A garanzia del rigore tout court del progetto e a tutela dell’ente finanziatore sarebbe necessario prevedere dei meccanismi di controllo

  • Il temporary manager non può essere un azionista, un membro dei nuclei familiari azionisti (parentela ammessa e se sì oltre quale grado?), o chiunque abbia lavorato con l’azienda nei tre anni precedenti l’avvio del progetto
  • Le aziende finanziate devono documentare, per tutta la durata del progetto, lo stato di attuazione e i risultati raggiunti indicandone anche, nel caso, l’eventuale termine anticipato
  • l’ente finanziatore ha il diritto di revoca dei finanziamenti concessi qualora l’azienda abbia con gli stessi realizzato interventi diversi da quelli previsti nel piano originariamente approvato.

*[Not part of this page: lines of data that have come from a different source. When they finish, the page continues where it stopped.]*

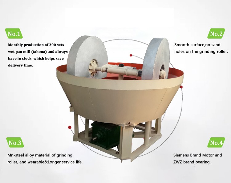 Wet Pan Mill i used for gold ore grinding,especially for small size rock gold,which can grind gold ore into 100-150mesh.Many customers would like to import wet pan mill because of low cost and high productivity. The most important thing is that using wet pan mill could get pure gold directly,which is suitable for people who want to start from small scale business.
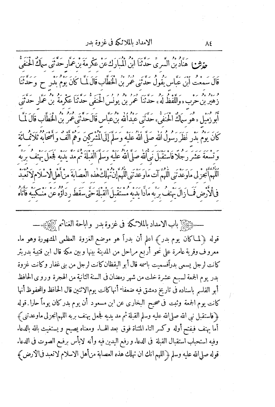 (بَاب الْإِمْدَادِ بِالْمَلَائِكَةِ فِي غَزْوَةِ بَدْرٍ وَإِبَاحَةِ الْغَنَائِمِ قَوْلُهُ
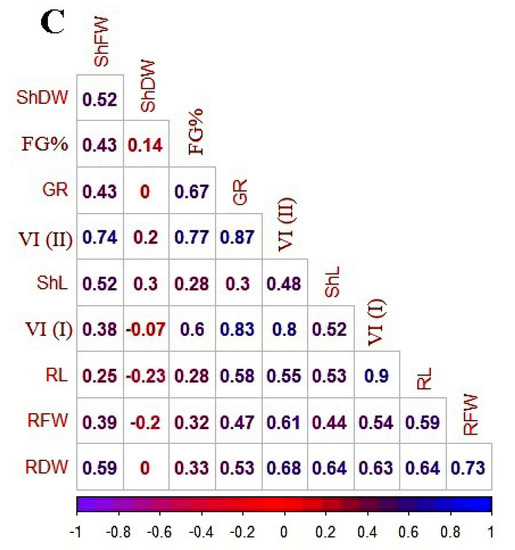 Under the 15% PEG-6000 treatment, highly positive r values were ≥ 0.70 for VI (I) (0.90) and RFW (0.73) with RL and RDW, respectively. FG% was correlated with VI (II) (0.77), while GR (r-value 0.83 and 0.87) was correlated with VI (I) and VI (II), with a stronger correlation. Meanwhile, positive r values ≥ 0.50 were recorded for ShFW with ShDW and ShL; RL with RFW and RDW, while lower values were obtained for ShDW with all attributes (Figure 3C).
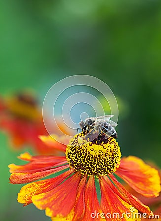 A close-up image of a bee on a flower. The bee is centered on the flower, which has a prominent yellow center surrounded by vibrant orange petals. The background is blurred, with hints of green foliage. | Free Honey Bee (Apis Mellifera) On Helenium Flower Stock Images - 27165114 | bb34c29b88ef2ce408aaac8d2995d56e6f3ee7e0b2f6c862bb7df64e2d0119e3 | 000910689751 | 0 | 0 | 36 | 12 | 0 | 0 | |
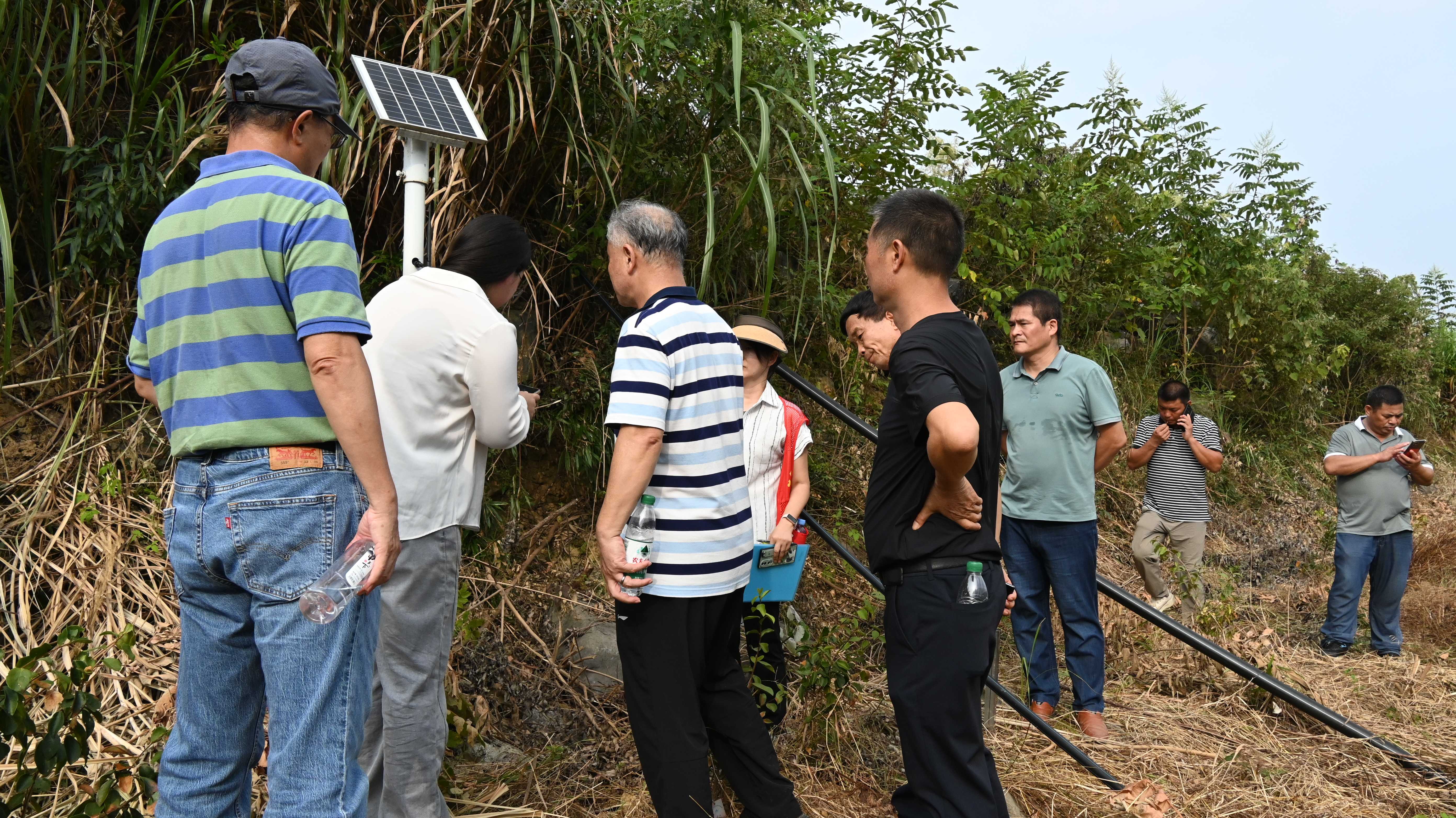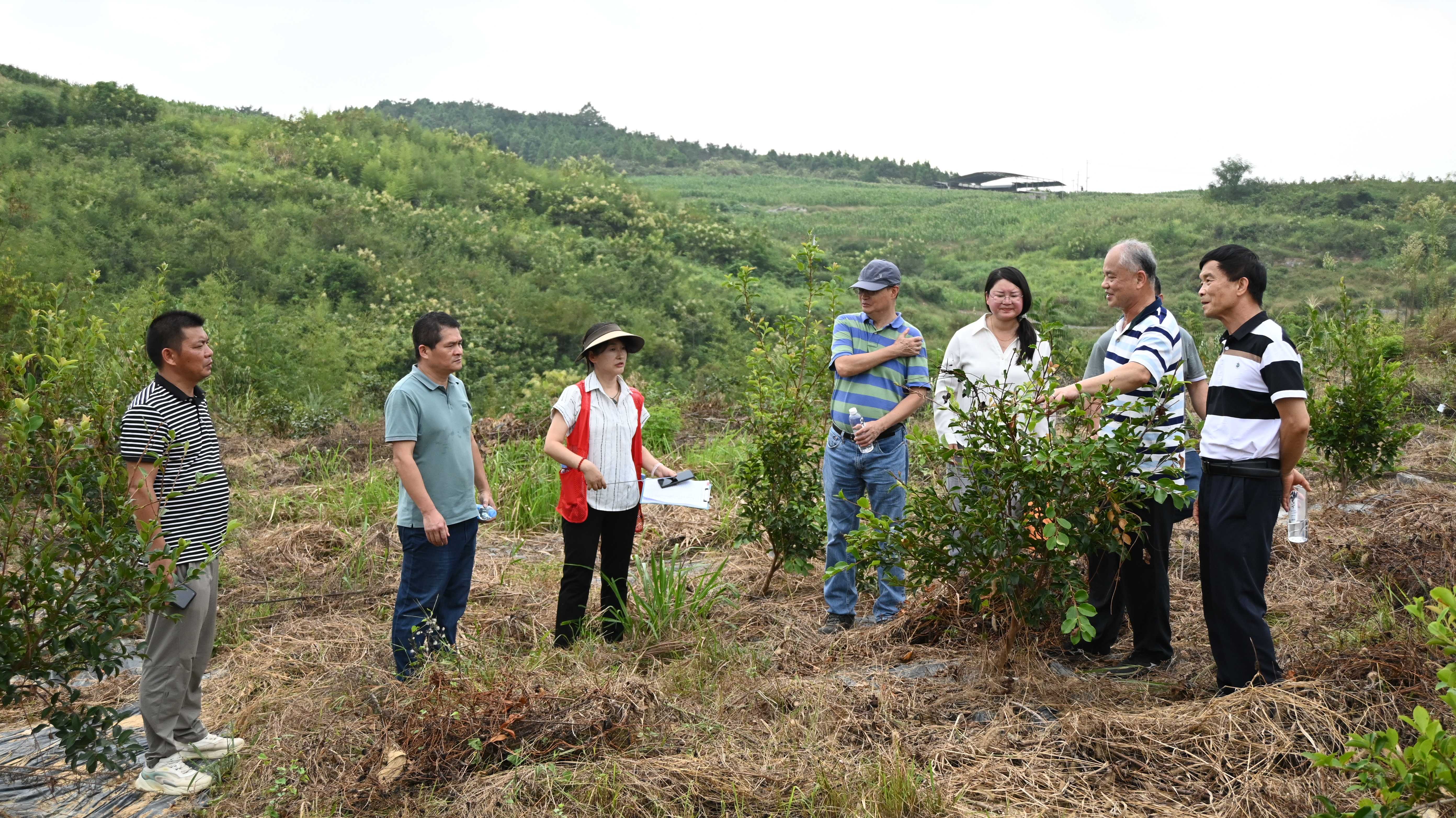 下午,参训人员统一前往位于全州文桥江头村的项目基地,开展现场实践指导。兰老师与技术团队围绕基地内的智能水肥一体化设备,进行手把手教学:从设备参数调试、灌溉施肥方案设定,到日常故障排查,逐一演示操作流程;同时结合基地油茶生长状况,解答种植户提出的“不同树龄水肥用量差异”“极端天气下系统如何调整”等实际问题。李教授则针对基地内部分油茶林的生长情况,现场分析树形修剪、病虫害绿色防控等管理要点,将上午的理论知识转化为可落地的实践技巧,帮助参训人员真正学懂、弄通、会用。
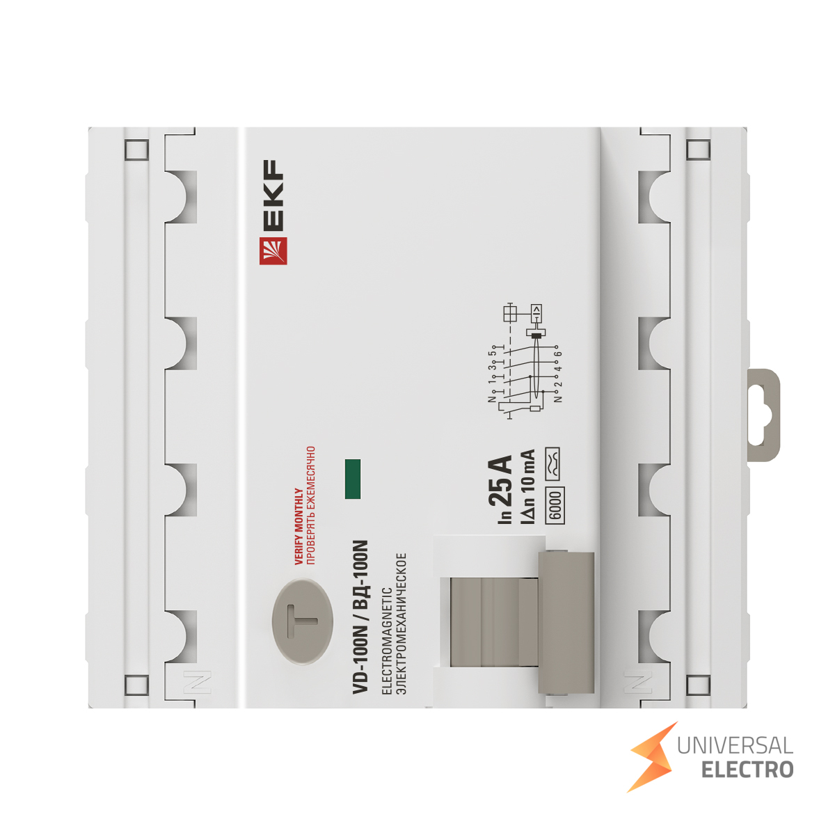 Выключатель дифференциального тока ВД-100N 4P 25А 10мА тип A от EKF предназначен для защиты электрических цепей от токов утечки и предотвращения поражения электрическим током. Он оснащен электромеханическим механизмом и рассчитан на номинальный ток 25А. Устройство поддерживает отключающую способность до 6кА и обеспечивает надежную защиту в бытовых и промышленных установках.
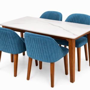 Modern 4 Seater Marble Top Dining Table Set in Gujarat – Premium Wooden Base Dining Set
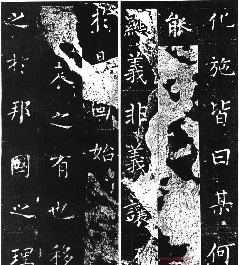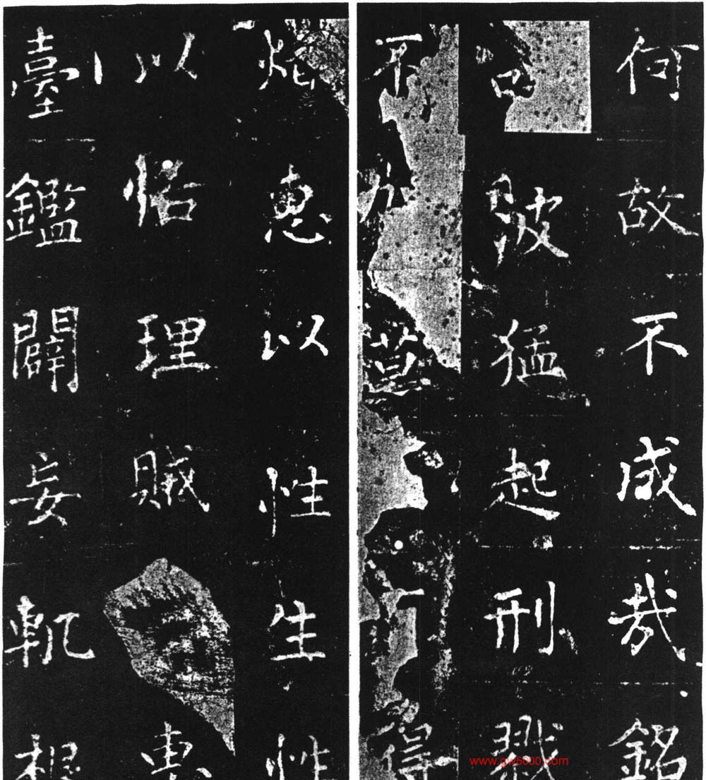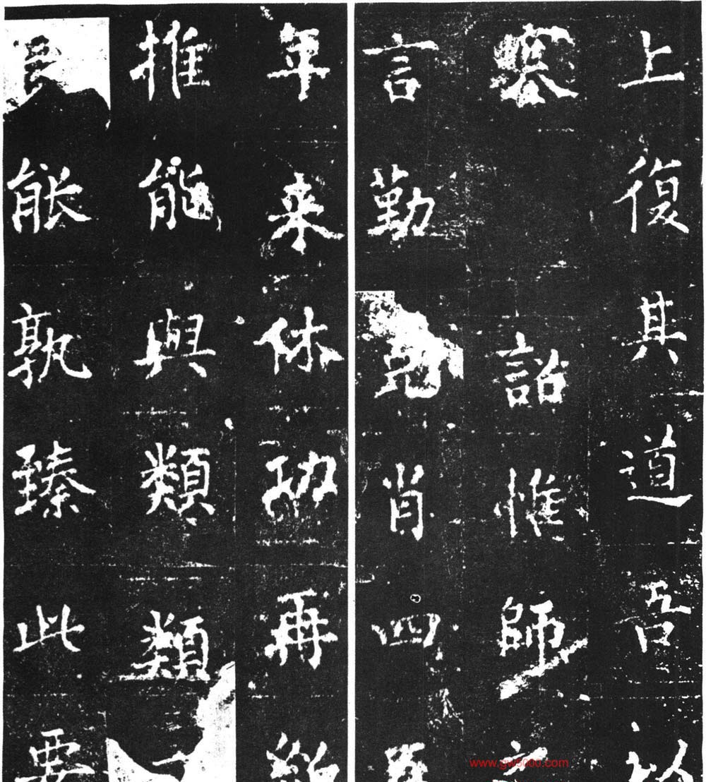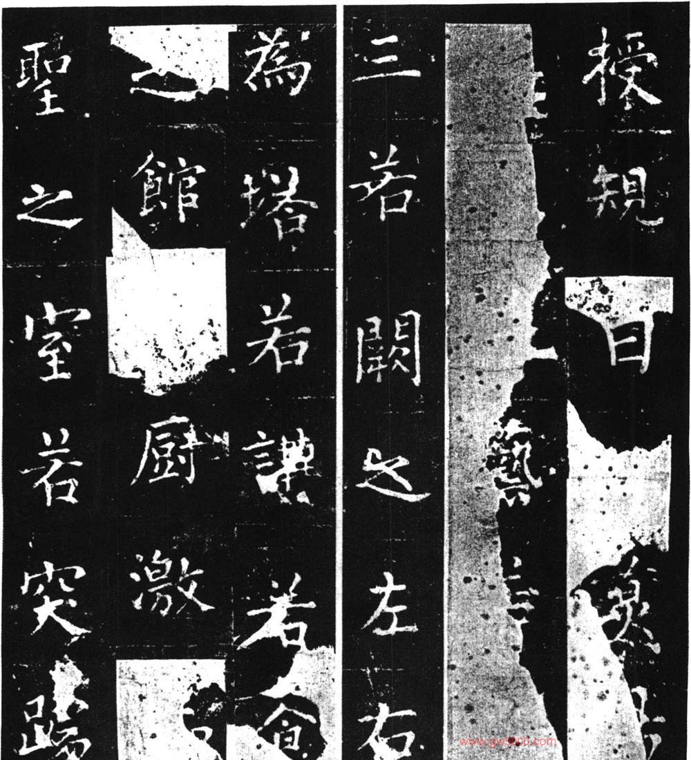 此碑宋时就因遭火而剥落,清代断裂,元朝有摹刻本。此碑虽是柳骨挺拔,但风棱已由外射转入内蕴。随着年岁的增长,斩钉截铁外露的锋芒也相应减少。此碑字间空白颇多,一种心灵之光仿佛荡漾在字里行间。
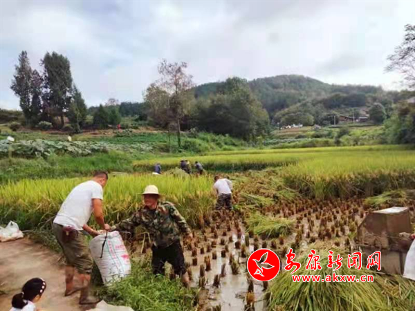流水鎮(zhèn)恢復(fù)生產(chǎn)收稻
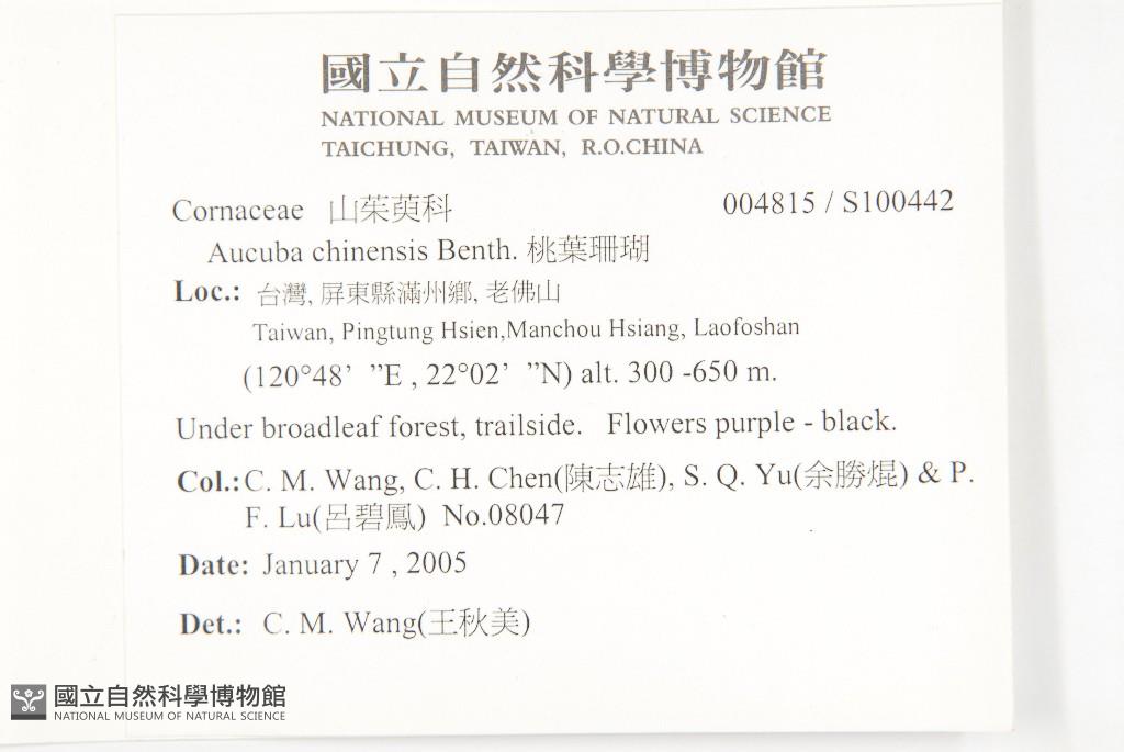 Collector:Chiu-Mei Wang (王秋美),Chih-Hsiung Chen (陳志雄), Sheng-Kun Yu (余勝焜) & al.
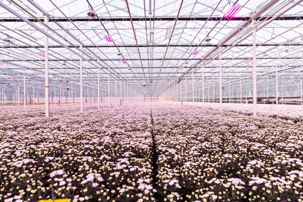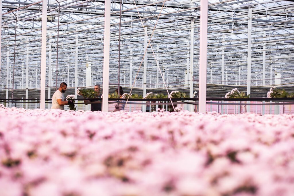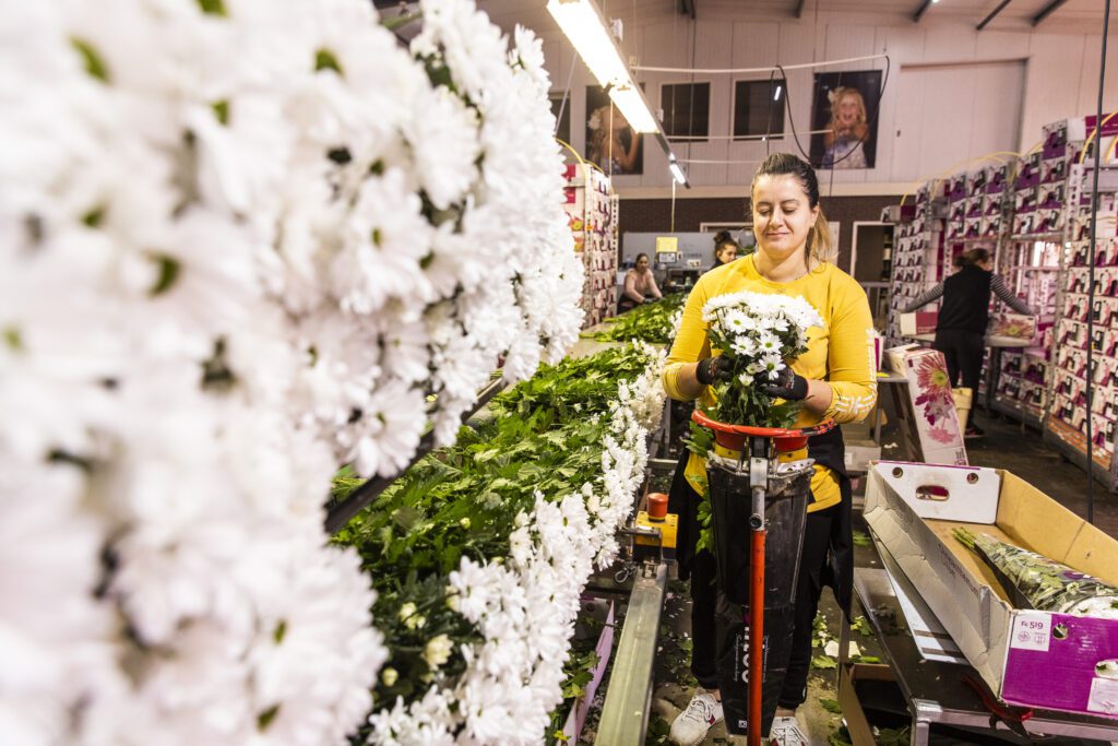 A full greenhouse bay of Chic flowers is harvested almost every day (depending on the time of year). The next lot of Chic plants are often planted the very next day, to be picked again in 10 weeks. Most Chic chrysanthemums are harvested for European florists.

I benefici di questa modalità di approccio:

  • è un sistema integralmente privatistico, senza alcuna ricaduta sul sistema pubblico, cui spetterebbe solamente la definizione di un quadro normativo facilitante, a maggior ragione in un periodo di emergenza conclamata
  • consentirebbe un intervento in tempi estremamente rapidi coerentemente con la velocità di reazione e decisione richiesta in tempi di crisi
  • consentirebbe alle banche di minimizzare il rischio di deterioramento del credito
  • consentirebbe di iniettare nelle PMI quelle competenze di gestione che saranno di primaria importanza nella fase di ripartenza (es. finanza e risorse umane).

A sua volta, e senza voler rappresentare il temporary management come la panacea per tutti i mali (e per tutte le crisi), nulla vieta che il concetto di bancabilità possa essere facilmente esteso anche a realtà molto piccole e per progetti più opportunamente gestibili in modalità part time, anche utilizzando team manager come spesso avviene nel contesto americano.

In un’ottica di sistema, l’aspetto progettuale del temporary management potrebbe favorire il contributo di altri attori a favore delle PMI. Parlando con la Stampa Estera di Milano, Gianmarco Senna, Consigliere Regione Lombardia e Presidente della Commissione Attività Produttive, Istruzione, Formazione, Occupazione e Turismo, ha ribadito “l’interesse reale  per lo strumento e l’avvio di un percorso mirato all’emanazione di provvedimenti ad hoc che faranno sicuramente tesoro di alcune esperienze di successo in altri territori, come ad esempio la cosiddetta “legge Bertossi” del Friuli Venezia Giulia. Come ho avuto modo di ribadire ad un recente convegno, siamo anche molto attenti e interessati al tema del fractional management, per le aziende più piccole”.

Maurizio Quarta

Dopo una carriera manageriale in gruppi internazionali (Olivetti, Manuli Rubber e Kone Elevators) e in consulenza (McKinsey), è oggi Managing Partner di Temporary Management & Capital Advisors, tra le società italiane più note nel settore. È uno dei quattro partner fondatori del gruppo SMW Senior Management Worldwide, che opera a livello internazionale nel temporary management con diciannove partner nel mondo, dagli USA all’Australia. Guida in Italia il Chapter di IIM – Institute of Interim Management, associazione inglese dei temporary manager, con cui realizza eventi informativi per associazioni manageriali, imprenditoriali e università. Ha creato www.temporary-management.com, primo e più gettonato sito istituzionale italiano. Giornalista pubblicista, anche Consigliere della Stampa Estera di Milano, scrive sulle principali testate di management. Ha pubblicato diversi libri sul temporary management per Franco Angeli e per EGEA.